Practice was hard. There was a lot of work involved in learning a new routine in just a few weeks time. But the people of Calgary, no, the people of the world, deserved our best. And we were determined not to disappoint. So we strapped on our green feathered, over-sized parrot wings, and wore our plastic beaks with pride the night of the opening ceremonies. Truly, it was our time to shine.

Things started out fine. Thirteenth on the bill, we patiently waited our turn. And when it came, our music hit with that trademark 'Up With People' techno beat and the soulful lyrics: "Polly Wanna, Uh, Uh, Uh, Yeah! Polly Wanna, Uh, Uh, Uh, Yeah! Polly Wanna Get Down!"

Bang. I was in the zone. Step, step, kick, kick. Step, kick, step, kick, spin. I remember it like it was yesterday. I was unstoppable. I was Jennifer Biels, Michael Flateley and MC Hammer all rolled into one. I was transcendent. I was a study in precision flapping. I was… I was… I was not paying enough attention.

Fireworks were going off overhead, exploding into parrot-shaped constellations. But unbeknownst to me, an errant firework was headed straight for us.
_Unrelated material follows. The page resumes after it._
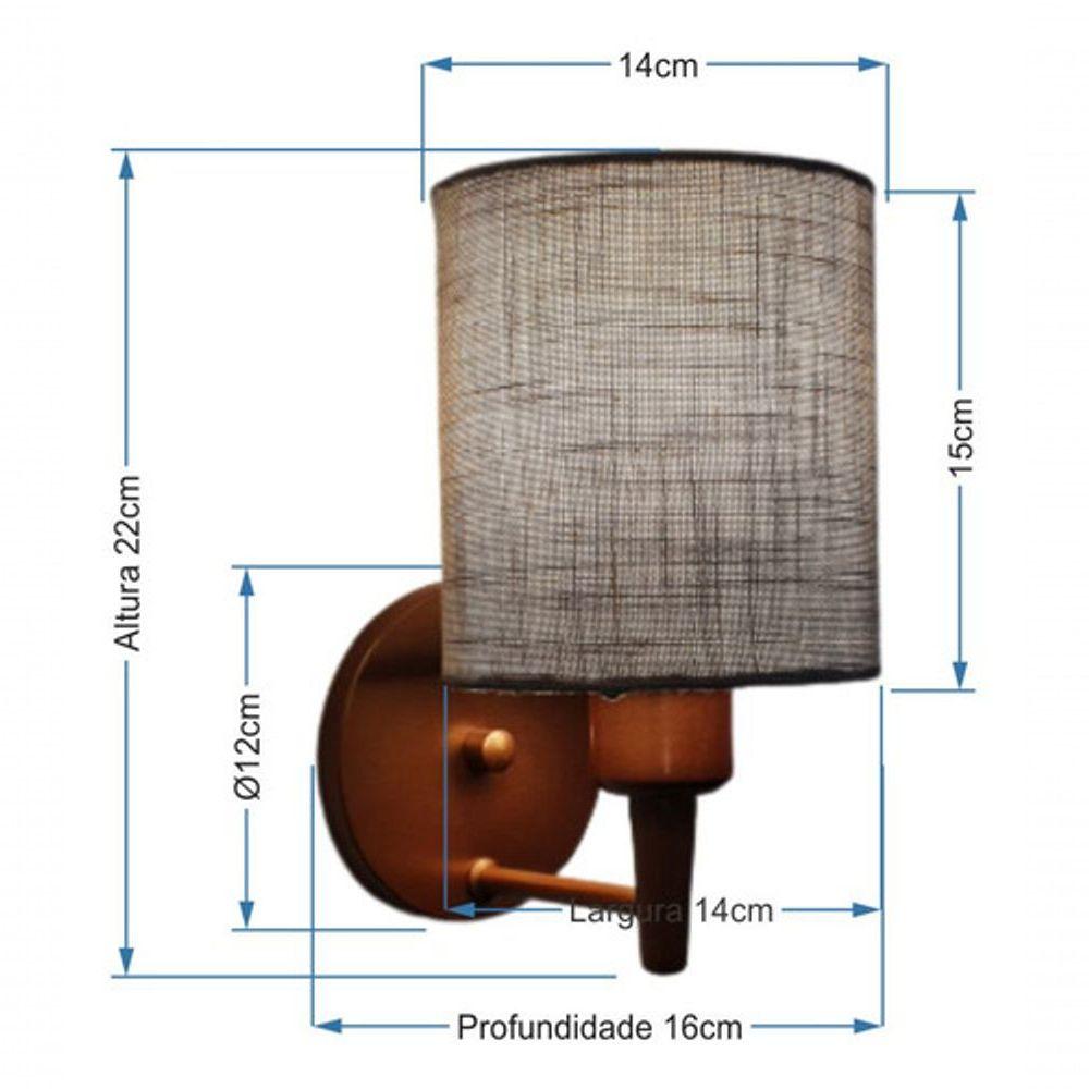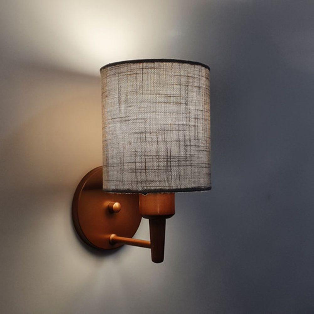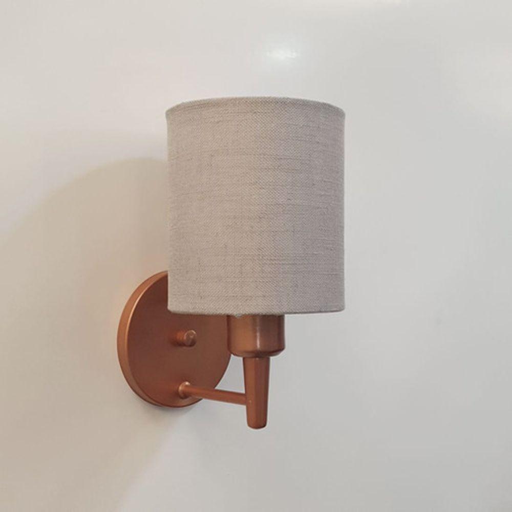Arandela Cilíndrica Md-2009 Base Cobre Cúpula Em Tecido 14x15cm Cinza - Bivolt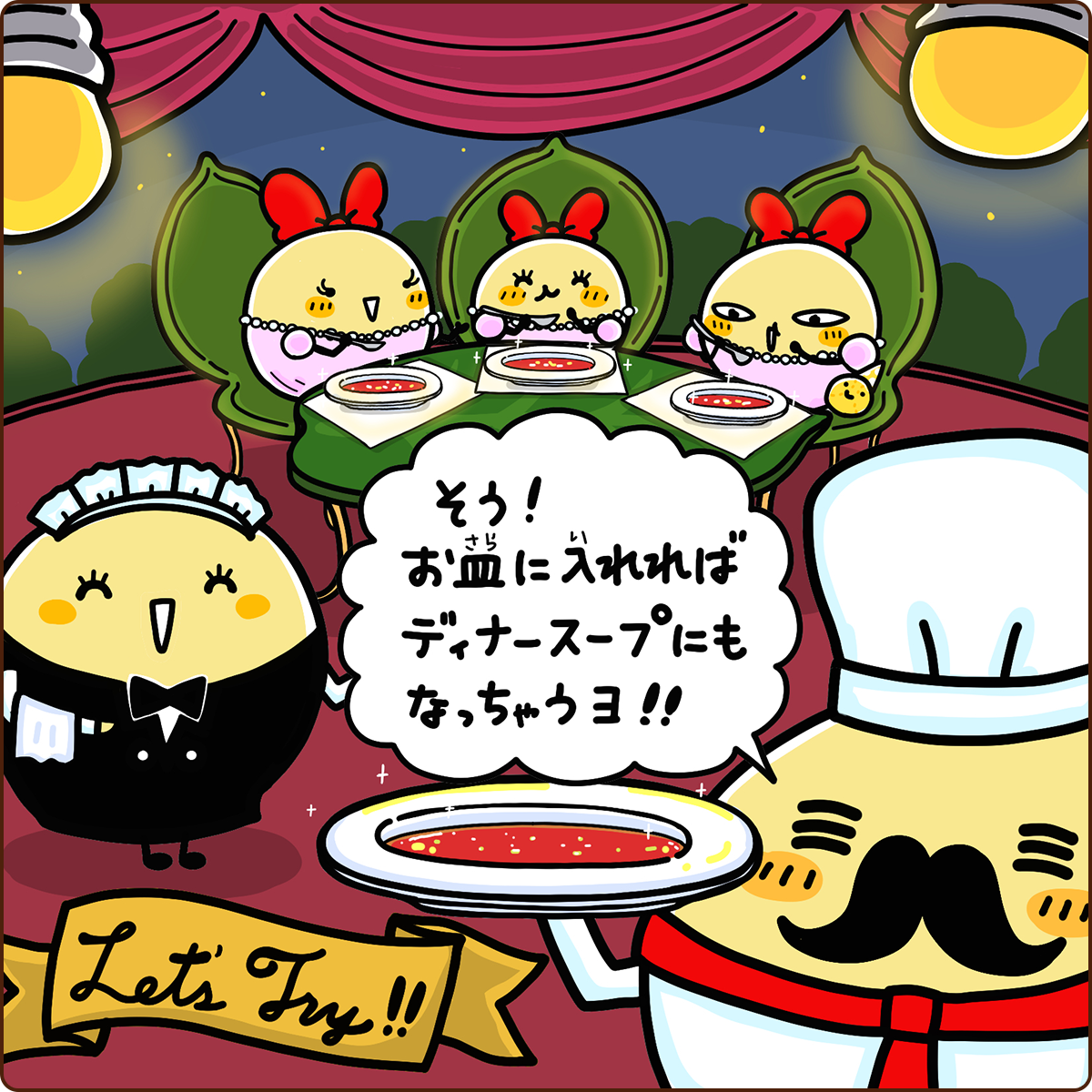 皿 によそうと、おしゃれなディナーの冷 製 スープとして楽 しめるよ♪

As a consummate professional, I was letting nothing distract me from the task at hand so, naturally, the stray explosive hit me on the side of the head, igniting my Jeri Curl in a dazzling array of oranges, reds, mauves and faint, blink-and-you'll-miss-it teals.
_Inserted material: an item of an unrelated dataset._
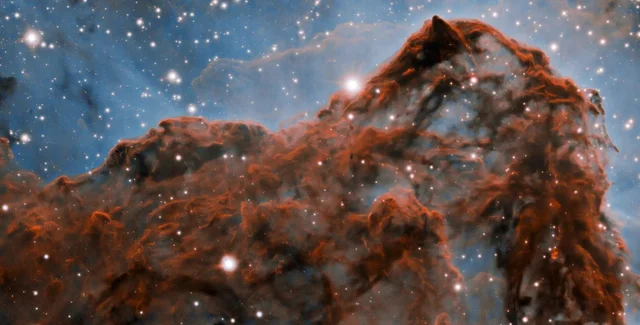 Астрономы изучают туманность Киля, чтобы больше узнать о звездообразовании. Новое изображение показывает "замысловатый танец" светящегося газа и пыли на западной стене по краю туманности. Его удалось получить при помощи уникальной особенности телескопа - адаптивной оптики.

As I ran screaming, frantically beating my head with my comically large green wings, I began to hear a sound, building softly at first and then gaining momentum until it seemed to wash over the entire stadium. It was laughter. Those idiot Canadians thought my cranial pyrotechnics were part of the show. To them, I was just some sort of combustible Carmen Miranda, flaming and gyrating for their amusement.

Even the public address announcer was getting in on the act. "Look at that little guy go, eh? He's with the American group 'Up With People: A Salute to Parrots.' Parrots, eh, looks more like he's from 'Phoenix.' Ha ha!"
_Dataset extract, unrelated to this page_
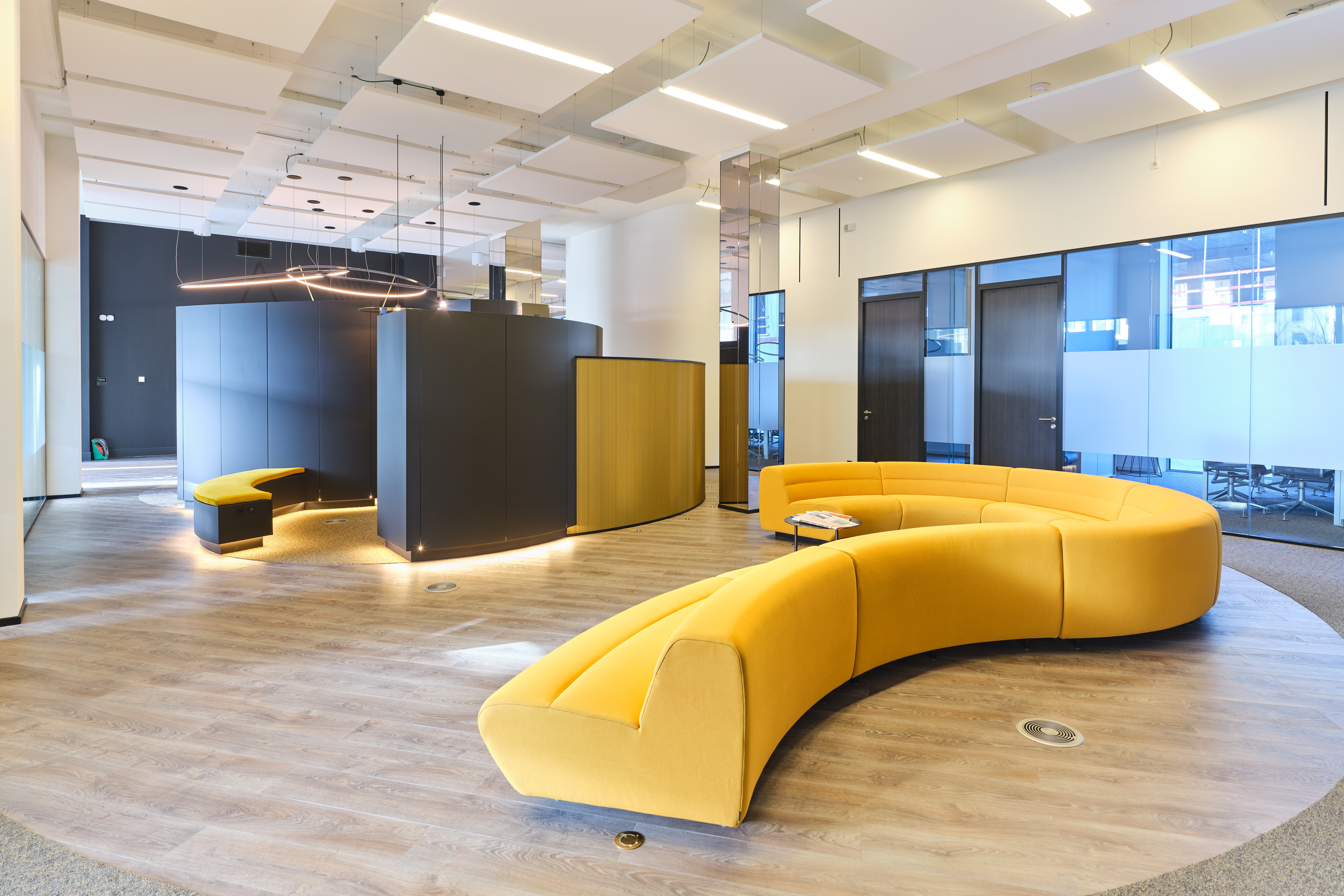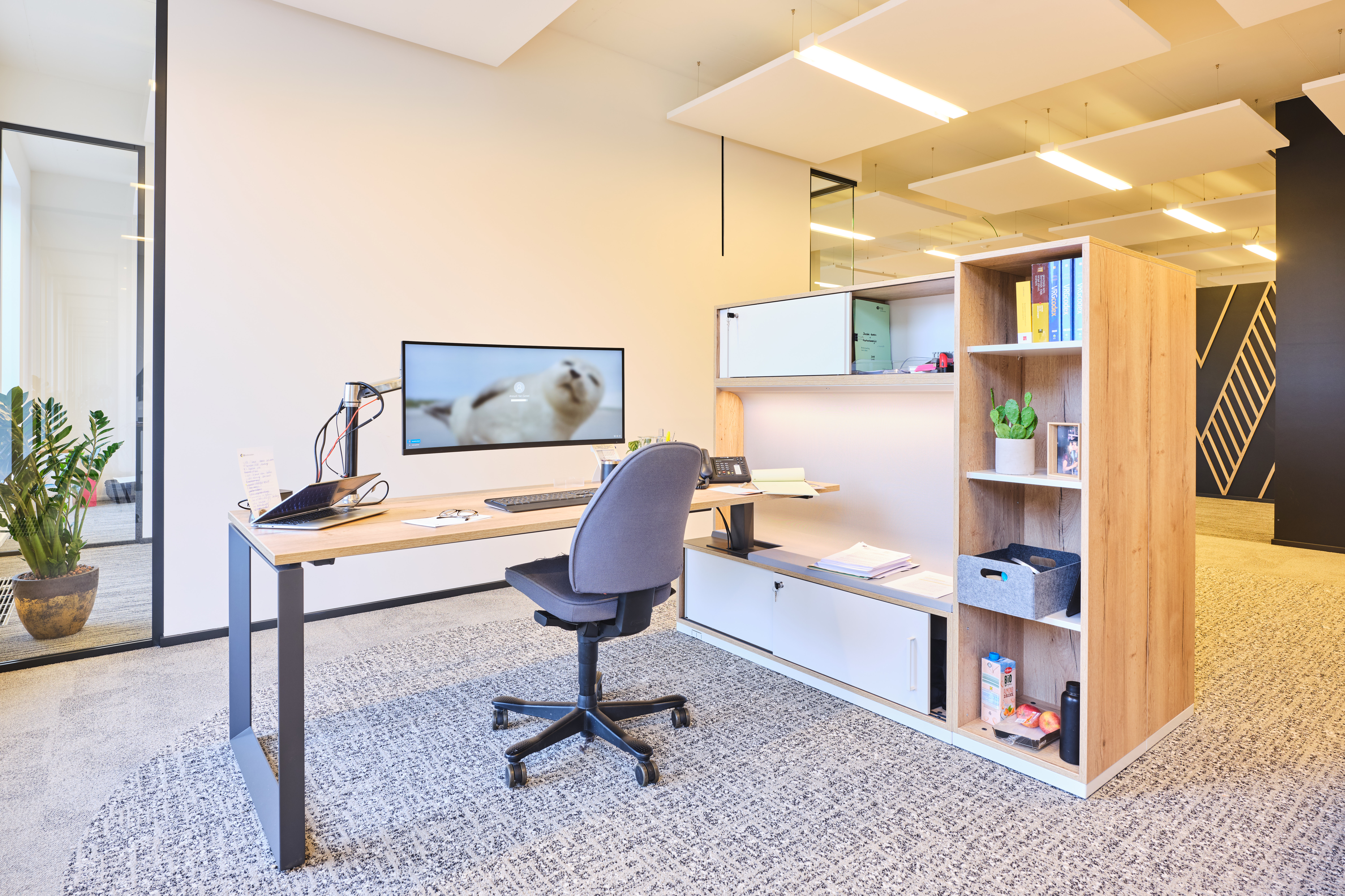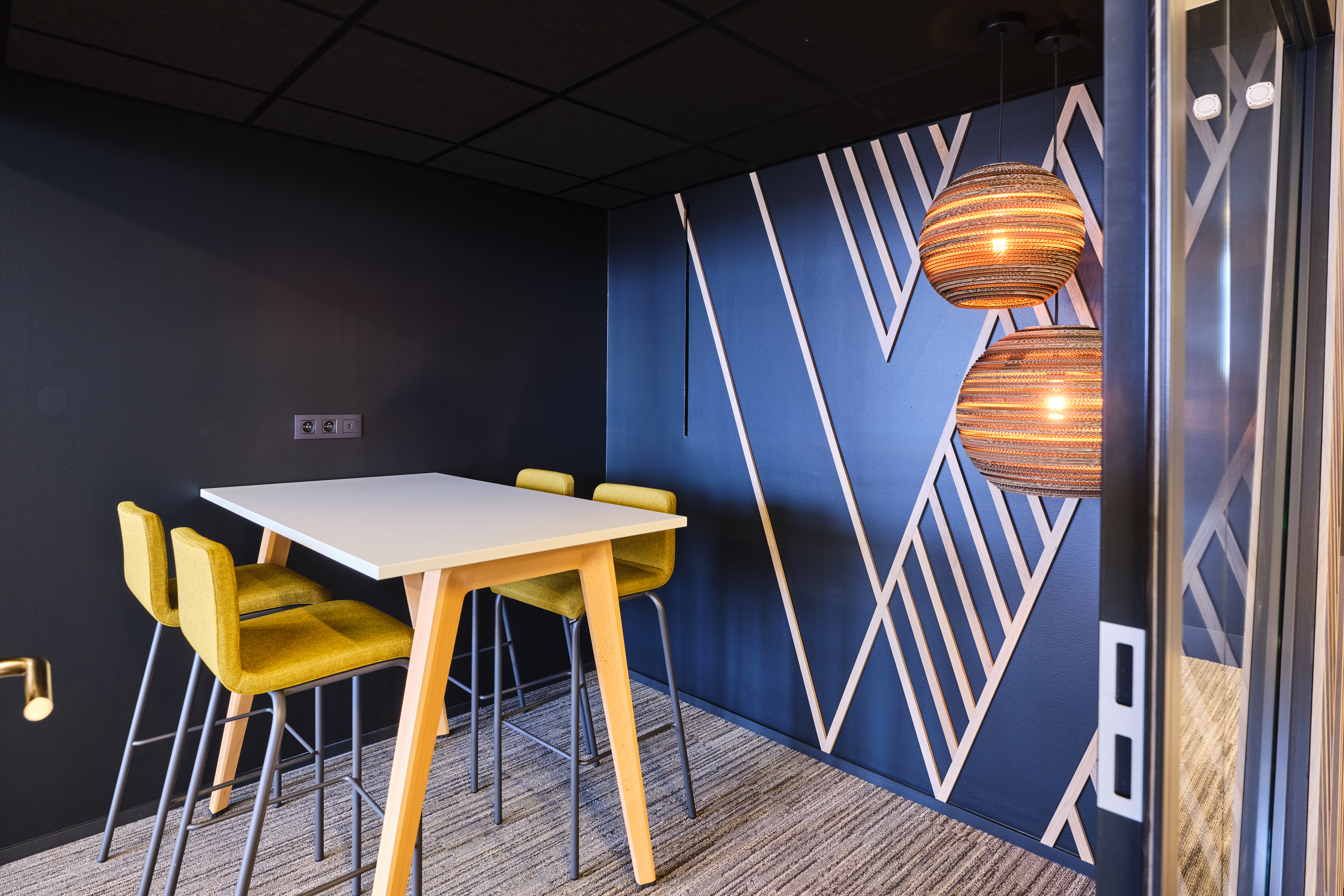Het concept van symbiose, bedacht door Pedro Rodrigues, trok GSJ over de streep. De talrijke contacten tussen Iris Van den Ostende en de medewerkers van GSJ namen de angst voor een open kantoorruimte weg. Nu moest er nog een wow-gevoel gecreëerd worden bij het binnenkomen. Samen met Laurence Moisse, interieurarchitect bij Alternativ, ontwierp Iris een publieke benedenverdieping die zowel elegant als imposant is. Zoals iedereen weet is de onthaaldesk het eerste dat men van een bedrijf te zien krijgt. Op de bovenverdieping maakte Alternativ dan weer gebruik van hout en stoffen om een warme sfeer te creëren die het comfort en de levenskwaliteit van de medewerkers van GSJ bevordert. Het voelt (bijna) als thuis! Bij het afronden van dit artikel ontving Project Manager Iris nog een warme e-mail van GSJ, dat duidelijk zeer tevreden is over het maatwerk van de teams van Alternativ. “Een tevreden klant, omdat we goed naar hem hebben geluisterd.”, concludeert een lachende Iris Van den Ostende.

Looking back, that joke was actually pretty funny, though I had trouble appreciating it at the time.

I ran from person to person, pleading for assistance, a bottle of Perrier, anything. But the beak over my face had melted from the heat, so all I could get out was "squawk, squawk," which didn't help my efforts to convince people that this was not part of the show. In fact, the only assistance I got was from the dancers in 'Up Yours, People' who beat me with large, fiberglass pizza slices after a spark from my head set their paper-mache sculpture of John Travolta ablaze. Unfortunately, their beatings only succeeded in spreading the fire to my wings.

Still running and begging for help, I spotted a large white cauldron on top of a raised platform. Thinking there was a chance that it was filled with water, I headed straight for it as fast as my blazing wings would take me. Praying that sweet relief was just seconds away, I ran up the steps and launched myself into the air.

I awoke to find myself in the burn unit at Calgary General, which qualifies as a hospital only because people sometimes die inside its walls. Standing at my bedside were my good friends Cristo, the 'Up With People' choreographer, Sylvester Stallone, action superstar, and for some reason, Betty White of Golden Girls fame.

They gently explained that the cauldron I had dived into had been filled not with water, but with natural gas. Unwittingly, I had lit the Olympic torch with my flaming head.

Neil Young, famous Canadian and intended torch lighter, has never forgiven me for stealing his thunder.